After a while he began to favor another technique that he called the “disturbed charge of ground and air method.” Tesla's wireless system used the same basic apparatus, however instead of using electromagnetic space waves the energy is carried by the conduction of electrical currents through the earth and along with accompanying surface waves. In one form of the system the ‘return’ path closing the circuit is an electrical current flow established between two elevated terminals, one belonging to the transmitter and the other the receiver. These consist of conduction currents flowing through plasma and also electrostatic induction. Once again in Tesla's own words,

". . . It was clear to me from the very start that the successful consummation could only be brought about by a number of radical improvements. Suitable high frequency generators and electrical oscillators had first to be produced. The energy of these had to be transformed in effective transmitters and collected at a distance in proper receivers. Such a system would be manifestly circumscribed in its usefulness if all extraneous interference were not prevented and exclusiveness secured. In time, however, I recognized that devices of this kind, to be most effective and efficient, should be designed with due regard to the physical properties of this planet and the electrical conditions obtaining on the same. . ."[10]

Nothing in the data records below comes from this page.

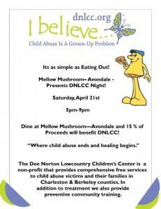 Tomorrow night (Saturday) Mellow Mushroom Avondale will be hosting a charitable event – 15% of proceeds will go towards The Dee Norton Lowcountry Children’s Center. Check out Mellow’s FACEBOOK PAGE for more details.
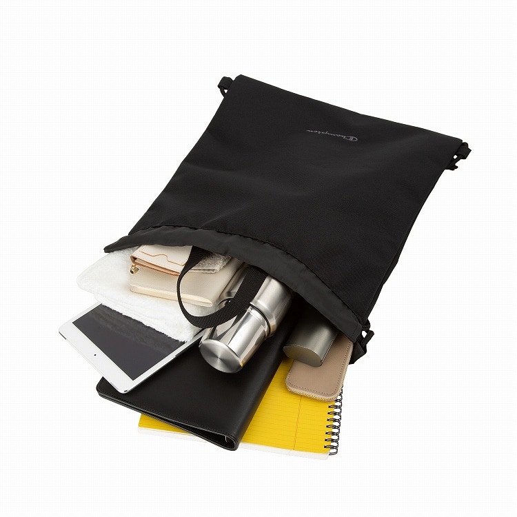 紐を引っ張るだけで口が簡単に締まる、巾着仕様。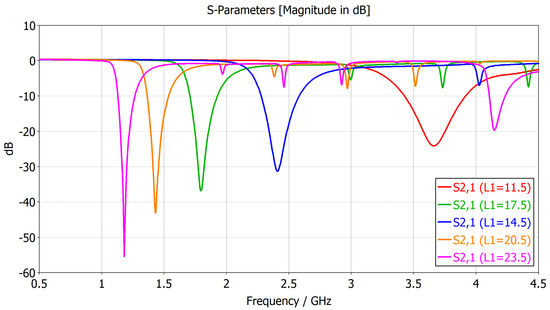 In CST Studio [31], a single double-resonator was modeled on a FR-4 substrate with a thickness of 1.6 mm. FR-4 is a low-cost printed circuit board material, manufactured from fiberglass cloth embedded within an epoxy resin. A full copper ground plane is placed on the entire bottom layer of the board with a 1 oz copper pour (1.4 mils). Using simulations, the length parameters L1, L2, S1, W2, and G1 (Figure 1) were tuned until the double interdigital resonator had a center frequency of 1 GHz. Once the optimal parameters for the 1 GHz structure were determined, only L1 was changed to get center frequencies of 2 and 3 GHz. Figure 3 illustrates the impact of using several different values of parameter L1 on the center frequency of the double microstrip resonator. From the plot, decreasing L1 causes the center frequency to increase. Moreover, because the other length parameters are held constant, and not simultaneously optimized in these simulation results, the fractional bandwidth (FBW) percentage also increases (filter gets wider).

In other words, Tesla’s structure injected a large alternating current into the earth via the ground terminal. Tesla's discovery of importance was the "Surface wave" method. The production of surface waves as described by Arnold Sommerfeld and Jonathan Zenneck was partially the consequence of adding a deep ground connection to the transmitter. Tesla said in 1893 that "One of the terminals of the source would be connected to Earth [as a electric ground connection ...] the other to an insulated body of large surface.[11]

A shallow buried ground plane or an elevated insulated counterpoise is commonly used in the construction of low and medium frequency 1/4-wavelength radio antennas. These lend to the development of the Norton Surface Wave. This method led to longer transmission ranges. Many AM stations use this same principle to boost reception of their signals.[12] This also allows modern grounded AM 1/4 wavelength monopole antennas to be more practical in order to overcome the restrictions imposed upon designers by the large physical dimensions required for these structures.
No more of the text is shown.